WHAT TO DO: Set down every line of the data exactly, skipping the pictures.

STORED DATA:
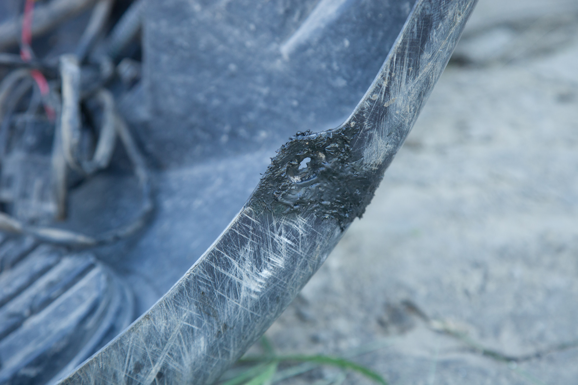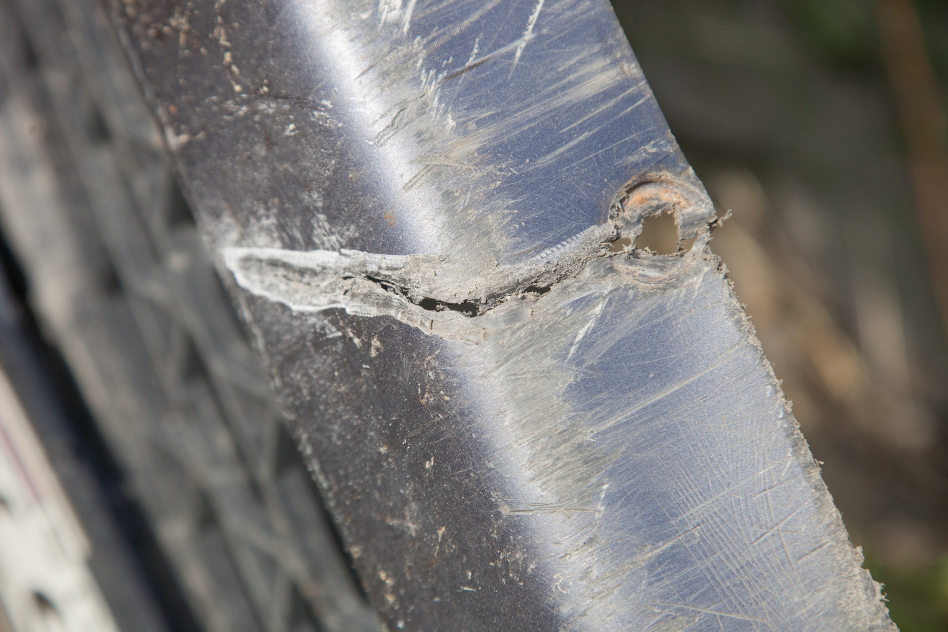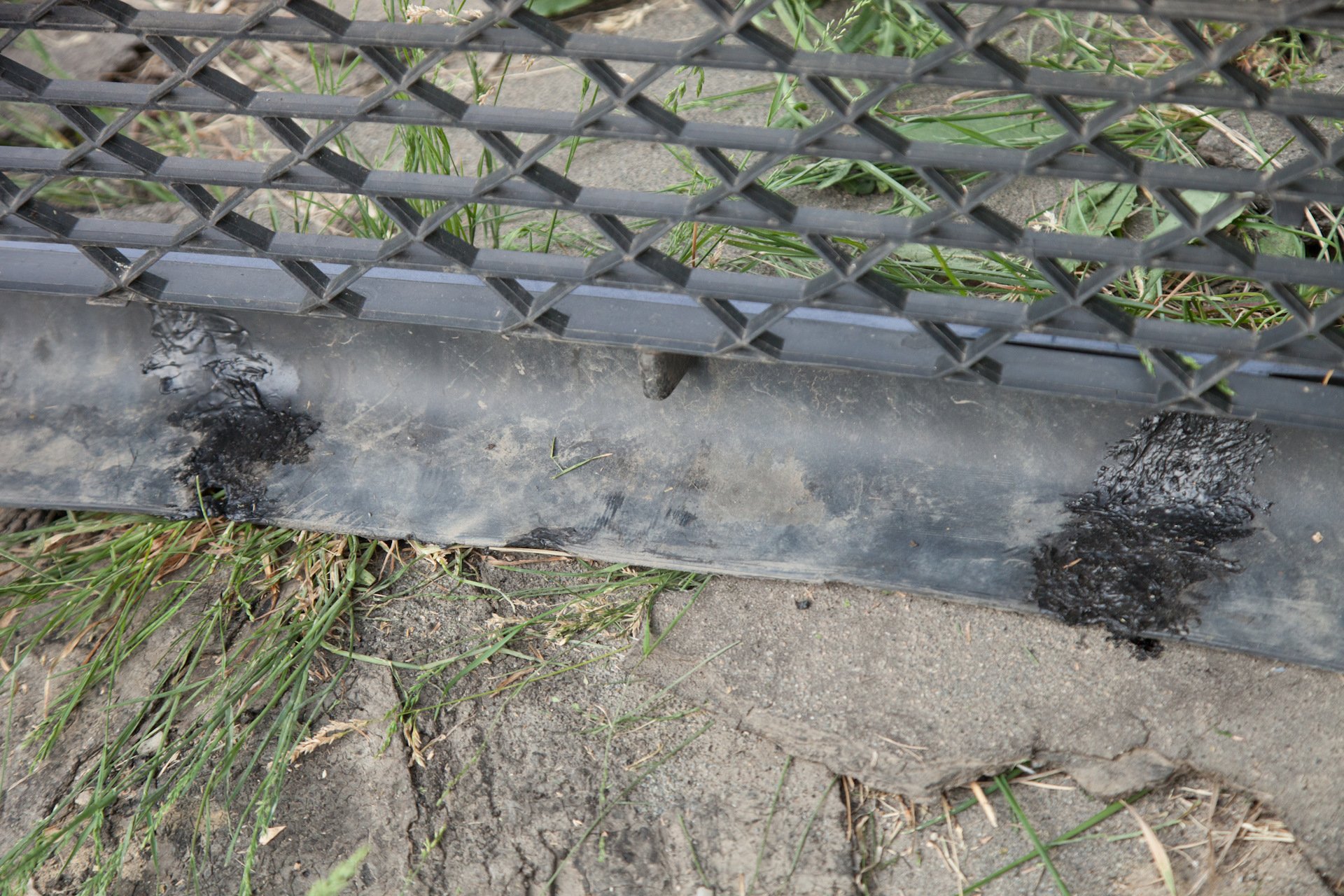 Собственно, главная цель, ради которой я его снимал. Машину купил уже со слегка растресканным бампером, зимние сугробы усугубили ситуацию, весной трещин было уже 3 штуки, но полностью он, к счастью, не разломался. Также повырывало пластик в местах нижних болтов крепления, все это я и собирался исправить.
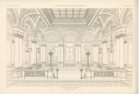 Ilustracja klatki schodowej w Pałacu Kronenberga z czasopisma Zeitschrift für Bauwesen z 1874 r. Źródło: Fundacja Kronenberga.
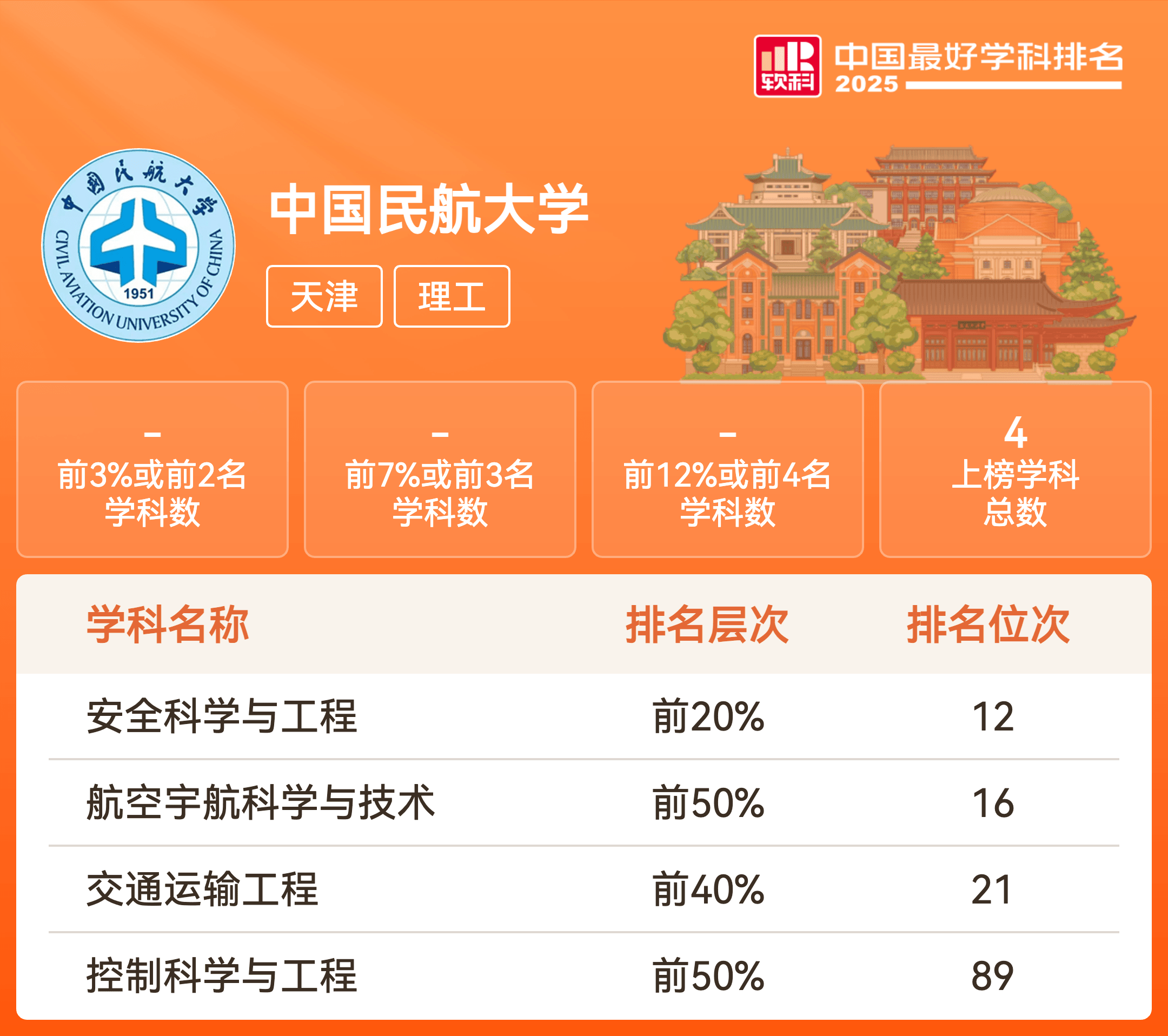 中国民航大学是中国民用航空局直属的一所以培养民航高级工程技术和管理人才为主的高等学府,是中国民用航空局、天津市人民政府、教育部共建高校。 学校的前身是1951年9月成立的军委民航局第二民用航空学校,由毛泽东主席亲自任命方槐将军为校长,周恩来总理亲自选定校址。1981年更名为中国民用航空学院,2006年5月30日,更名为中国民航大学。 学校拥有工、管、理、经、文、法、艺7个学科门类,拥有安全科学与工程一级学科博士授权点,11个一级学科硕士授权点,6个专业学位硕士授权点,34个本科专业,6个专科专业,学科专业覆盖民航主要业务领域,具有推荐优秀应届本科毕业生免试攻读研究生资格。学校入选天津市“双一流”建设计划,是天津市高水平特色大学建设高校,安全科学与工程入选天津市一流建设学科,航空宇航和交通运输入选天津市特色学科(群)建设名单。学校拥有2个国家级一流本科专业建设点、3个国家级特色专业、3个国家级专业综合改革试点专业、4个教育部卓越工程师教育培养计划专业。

ANSWER SPACE:
 Собственно, главная цель, ради которой я его снимал. Машину купил уже со слегка растресканным бампером, зимние сугробы усугубили ситуацию, весной трещин было уже 3 штуки, но полностью он, к счастью, не разломался. Также повырывало пластик в местах нижних болтов крепления, все это я и собирался исправить.
 Ilustracja klatki schodowej w Pałacu Kronenberga z czasopisma Zeitschrift für Bauwesen z 1874 r. Źródło: Fundacja Kronenberga.
 中国民航大学是中国民用航空局直属的一所以培养民航高级工程技术和管理人才为主的高等学府,是中国民用航空局、天津市人民政府、教育部共建高校。 学校的前身是1951年9月成立的军委民航局第二民用航空学校,由毛泽东主席亲自任命方槐将军为校长,周恩来总理亲自选定校址。1981年更名为中国民用航空学院,2006年5月30日,更名为中国民航大学。 学校拥有工、管、理、经、文、法、艺7个学科门类,拥有安全科学与工程一级学科博士授权点,11个一级学科硕士授权点,6个专业学位硕士授权点,34个本科专业,6个专科专业,学科专业覆盖民航主要业务领域,具有推荐优秀应届本科毕业生免试攻读研究生资格。学校入选天津市“双一流”建设计划,是天津市高水平特色大学建设高校,安全科学与工程入选天津市一流建设学科,航空宇航和交通运输入选天津市特色学科(群)建设名单。学校拥有2个国家级一流本科专业建设点、3个国家级特色专业、3个国家级专业综合改革试点专业、4个教育部卓越工程师教育培养计划专业。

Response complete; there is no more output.